Champaign will consider lower parking lot requirement for University buildings

By Jessie Webster

Tweet: Champaign is considering a move to eliminate parking requirements on campus. 

Kimberly Casey, senior in ACES, said bringing a car to campus was convenient for her because there are no buses to take her home from the University; however, a city of Champaign motion to decrease required parking could make it more difficult for students like Casey to keep their cars on campus.

“Sometimes I feel like (city planners) don’t think about that when they decide to reduce parking,” Casey said. “There are a lot of us who have to bring our cars to campus because there’s no other way for us to get home.”

A decline in students’ use of campus parking led the city of Champaign to consider reversing its requirement that all University buildings must include parking.

City-owned parking spaces are about 70 percent full, said Ben Leroy, associate planner for the city of Champaign, despite dropping parking fees to maintain their occupancy.

“We have kind of come to the realization that we’re requiring much too much parking for what students actually want on campus,” Leroy said.

He said this decline in parking further supports Champaign’s Planning and Development Department’s consideration to no longer require buildings on campus to include parking lots.

According to Leroy, a collaboration between the cities of Champaign and Urbana, the Mass Transit District and several other agencies in 1999 produced the Campus Area Transportation Study, which laid out a vision and set of goals for an ideal system of transportation at the University.

The study led to several projects, such the reduction of Green Street from a four-lane to a two-lane street, which is much more conducive to biking and foot traffic, LeRoy said.

“U of I Parking currently has approximately 16,000 parking spaces — 2,150 of these parking spaces are meters, 370 are reserved spaces,” said Michelle Wahl, University director of parking.

Wahl said 9,930 faculty and student parking spaces have been purchased or renewed thus far, however that does not reflect how many cars are brought to campus daily.

Catering to vehicles has been the norm in almost every American city for decades, Leroy said, and Champaign has been requiring parking at buildings for decades. However, these practices are becoming increasingly dated.

“What we have started to realize as a community and kind of a broader planning discipline is that requiring parking can often run counter to making a place livable and accessible for walkers and bikers,” said Leroy.

According to Leroy, these beliefs are supported by several landlords and developers on campus, who have reported to the department that some apartment buildings have parking vacancy rates between 20 and 40 percent.

Jacquelyn Negrete, junior in Business, said she brought a car to campus last year but chose not to this year.

“I just feel like they could probably lower the prices a little bit more and it wouldn’t make a huge difference,” Negrete said. “It’s already hard to find affordable parking as it is, and no longer requiring a set amount of (parking spaces) could make it worse.”

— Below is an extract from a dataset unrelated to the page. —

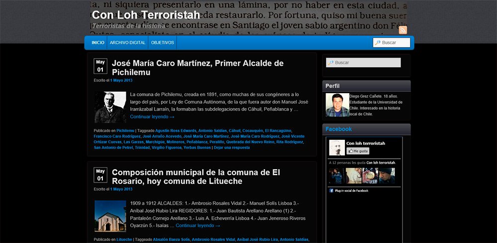 Hace exactos tres años, estaba aburrido en mi pieza de Santiago. Había vendido unas páginas de Facebook en 40 dólares y no podía ocuparlas en otra cosa más que compras en internet, así que se me ocurrió comprar un dominio… «conlohterroristah.com». ¿Qué debe tener…?, pensé. Le implementé WordPress y quedó funcionando como una especie de blog con documentos históricos sobre Pichilemu.

According to Leroy, asking landlords to lower the price of parking doesn’t benefit students in the long run because landlords will reduce parking fees to attract students, but will make up for the cost in the rent.

Ultimately, Leroy said, the planning and development department believes eliminating the parking requirement on campus is the best solution for everyone involved because it allows students to have a say in where they live, and gives developers the opportunity to create an environment for specific market niches.

“We trust our developers and landlords, and our students, to make the right choices for themselves,” Leroy said. “The University often advises new students that it is not necessary to bring a car to campus, which is now becoming more significant than ever.”